Capture the grey economy
JAMAICA must pull the informal economy into the mainstream to help ease its huge debt burden, according to a World Bank official.
The World Bank’s representative for Jamaica (along with Guyana, Suriname and Trinidad and Tobago), Giorgio Valentini, suggested that comprehensive reforms could include an “all-inclusive electronic platform, which does not allow for the survival of illegal/irregular cash-based activities, many of them linked to organised crime”.
“With more of the population accounted for and traceable by electronic means, revenues from taxation should become more robust and the administration of state functions for efficient,” he told the Business Observer. “These savings are likely to be quite significant even before other adjustments take effect.”
The World Bank is rendering technical assistance to the Government as it works through its national debt management strategy, while the multilateral agency see its “primary role as ongoing creative and constructive engagement to identify the most practical and sustainable systemic obstructions to growth”.
“We hope that based on this dialogue and these consultations specific initiatives will emerge through forums, projects and programmes, and with that the identification of any requisite funding… which may or may not be provided by the World Bank,” Valentini said. “One extremely powerful resource that we make available to middle income countries is our expertise in the development, growth and maintenance of Public-Private-Partnerships (PPP).”
Valentini said he is very optimistic about Jamaica’s growth prospects, but he thinks the country now needs to “identify innovative and, where necessary, disruptive opportunities to unlock its latent potential for growth”.
His view of public sector transformation also includes the digitalising all records for a truly paperless administration to forge a model that is truly citizen and business-centric, which he believes can bring with it the significant collateral benefits of thousands of part-time jobs and skills-building for students and otherwise unemployed young citizens.
“This is possible by using an e-Government framework supported by the private sector that, in addition to increase efficiencies and service delivery, it will create new ICT skills and jobs in the government and in the private sector,” Valentini said. “Transitioning to a cashless economy would bring enormous social and economic benefits.
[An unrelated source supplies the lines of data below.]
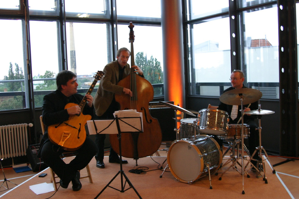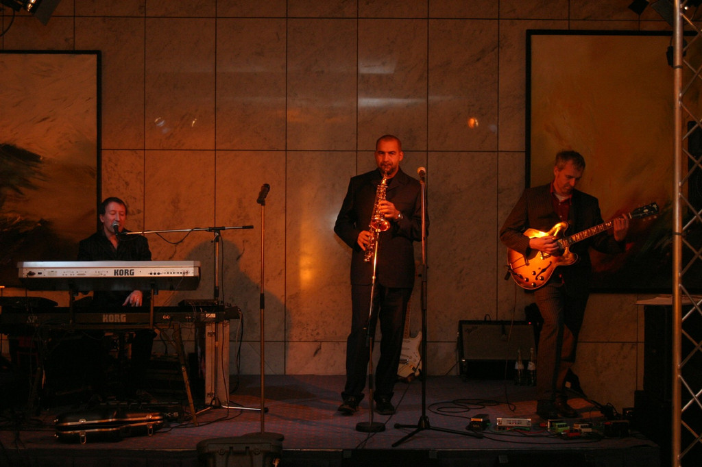 角落里,有乐队的演奏贯穿整个欢迎酒会的始终。
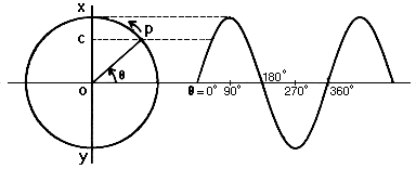 Geometric derivation of simple harmonic motion. A point p moves at constant speed on the circumference of a circle in counter-clockwise motion. Its projection OC on the vertical axis XOY is shown at right as a function of the angle θ. The function described is that of a sine wave.
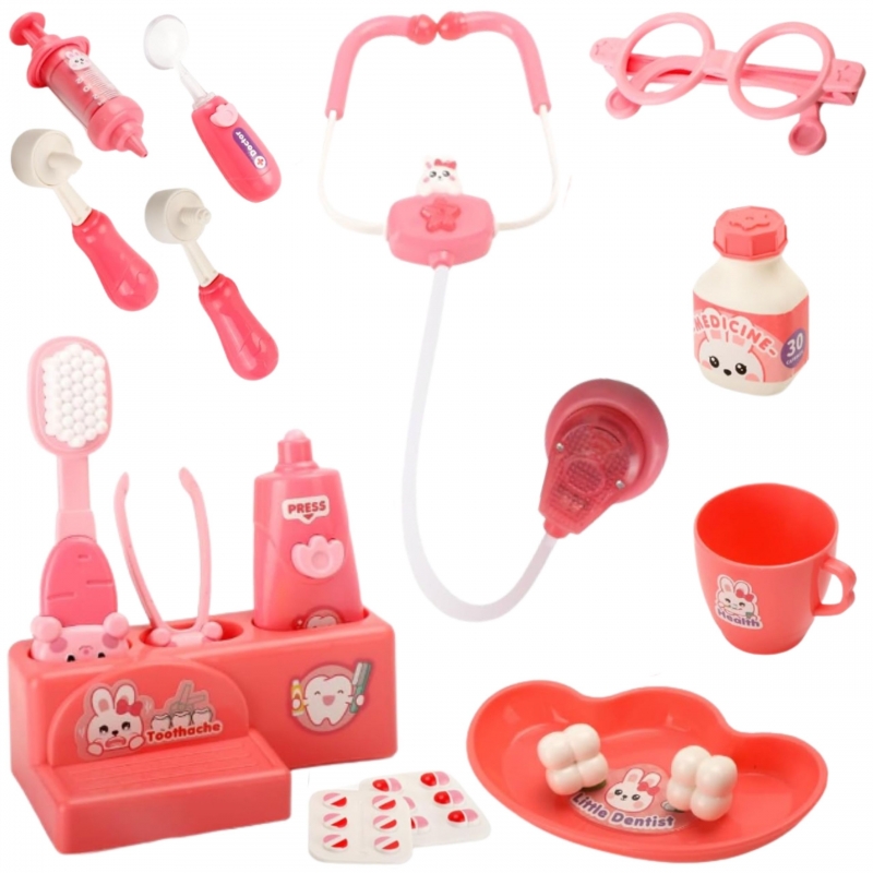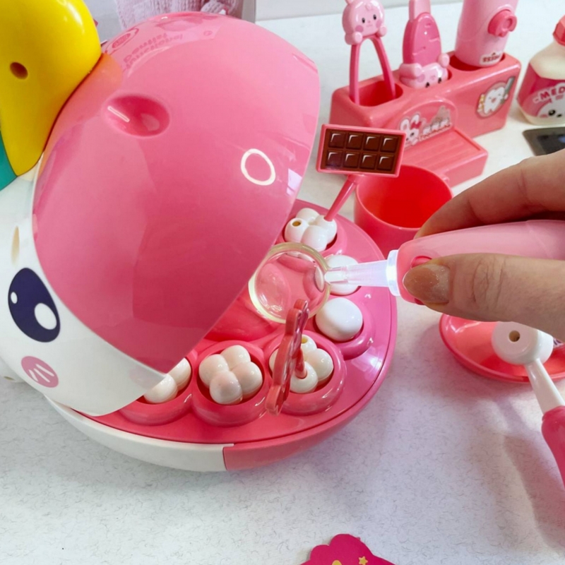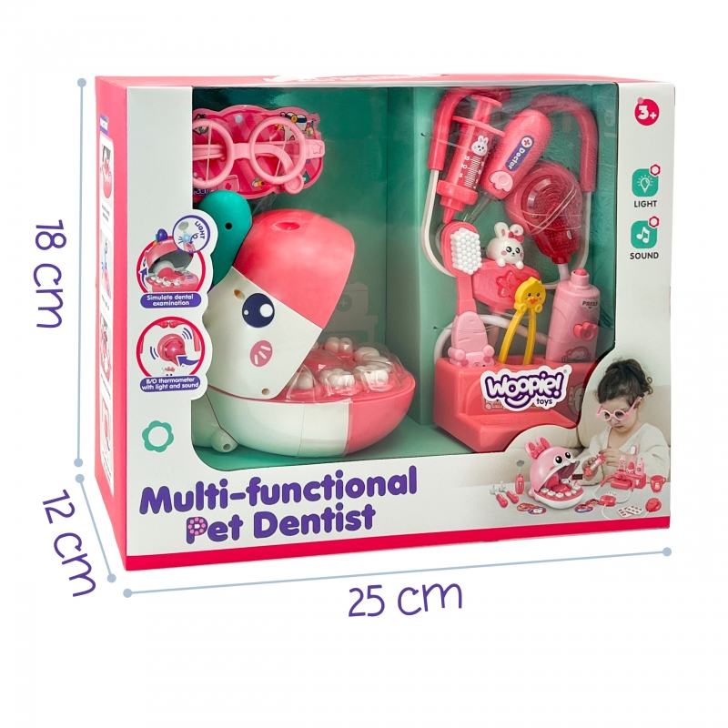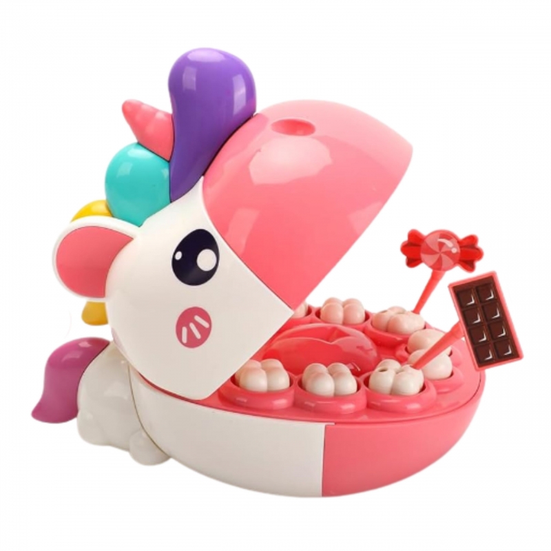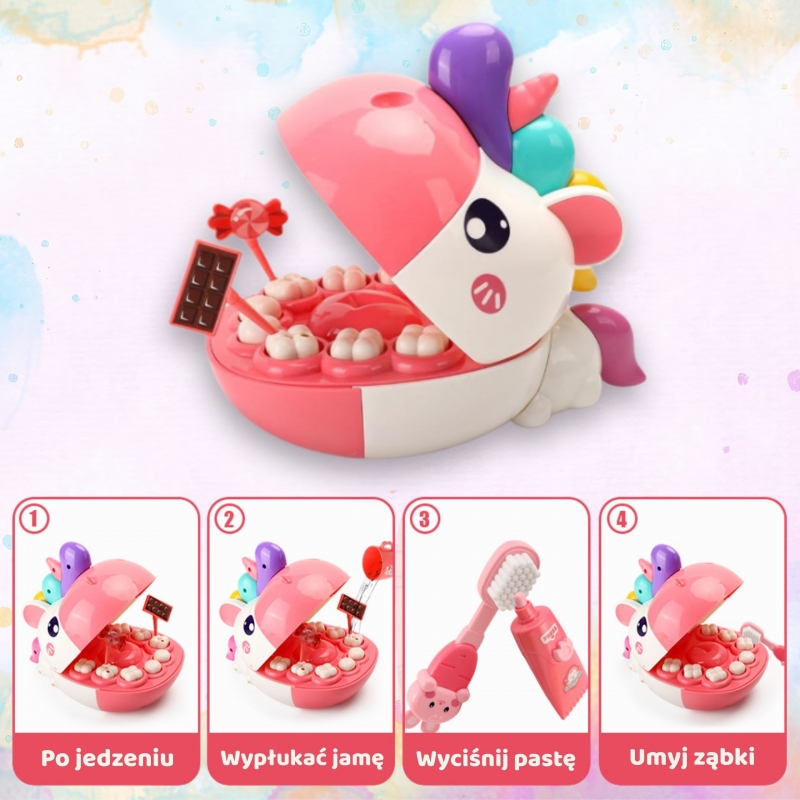 Zestaw małego dentysty głowa jednorożca to wyjątkowa zabawka edukacyjna, która wprowadza dzieci w świat medycyny i dbania o zdrowie jamy ustnej w sposób pełen radości i fantazji Dzięki temu zestawowi maluch może wcielić się w rolę małego dentysty, przeprowadzać badania, leczyć ząbki pacjenta i uczyć się podstaw higieny w zabawny oraz bezpieczny sposób. Realistyczny kształt zębów i przyjazny wygląd kolorowego jednorożca sprawiają, że dziecko z zaciekawieniem odkrywa każdy element zabawy. Otwierana paszcza z zestawem zębów pozwala na symulację prawdziwego badania dentystycznego – maluch może zaglądać do środka, używać narzędzi i przeprowadzać „leczenie”. W zestawie znajduje się wszystko, co potrzebne do małej kliniki dentystycznej: lusterko, szczypce, strzykawka, szczoteczka do zębów, a także stetoskop z efektami świetlnymi i dźwiękowymi. Dziecko może wcielać się w rolę lekarza, pacjenta lub asystenta – dzięki czemu zabawa staje się dynamiczna, angażująca i pełna emocji. Zestaw został zaprojektowany tak, aby nie tylko bawić, ale i uczyć. Dziecko poznaje budowę jamy ustnej, dowiaduje się, dlaczego mycie zębów jest tak ważne, oraz jak unikać próchnicy. Zabawka pomaga także w oswojeniu lęku przed wizytą u dentysty, dzięki czemu późniejsze spotkania z prawdziwym lekarzem przebiegają spokojniej. Wszystkie elementy zostały wykonane z trwałych, bezpiecznych dla dzieci materiałów o gładkich, zaokrąglonych krawędziach. Całość utrzymana jest w estetycznej pastelowej kolorystyce, która przyciąga wzrok i zachęca do zabawy. Zestaw jest bogaty w detale i pozwala dziecku poczuć się jak prawdziwy dentysta. Wszystkie elementy są lekkie, łatwe do uchwycenia przez małe rączki i starannie dopasowane do wieku dziecka. Świetnie sprawdzi się zarówno w domu, jak i w przedszkolu jako pomoc edukacyjna.

“With all vendors using an electronic point of sale mechanism, the use of cash will be limited, thereby increasing the capillarity of ICT into the system that would, among other things, increase productivity and reduce the levels of risk and often crime associated with the transportation of cash,” he added. “Perhaps most importantly, a cashless economy would facilitate Jamaica’s further integration into the global economy. Based on their predisposition to adapt more rapidly to new technologies, the youth of Jamaica would be key beneficiaries of this move.”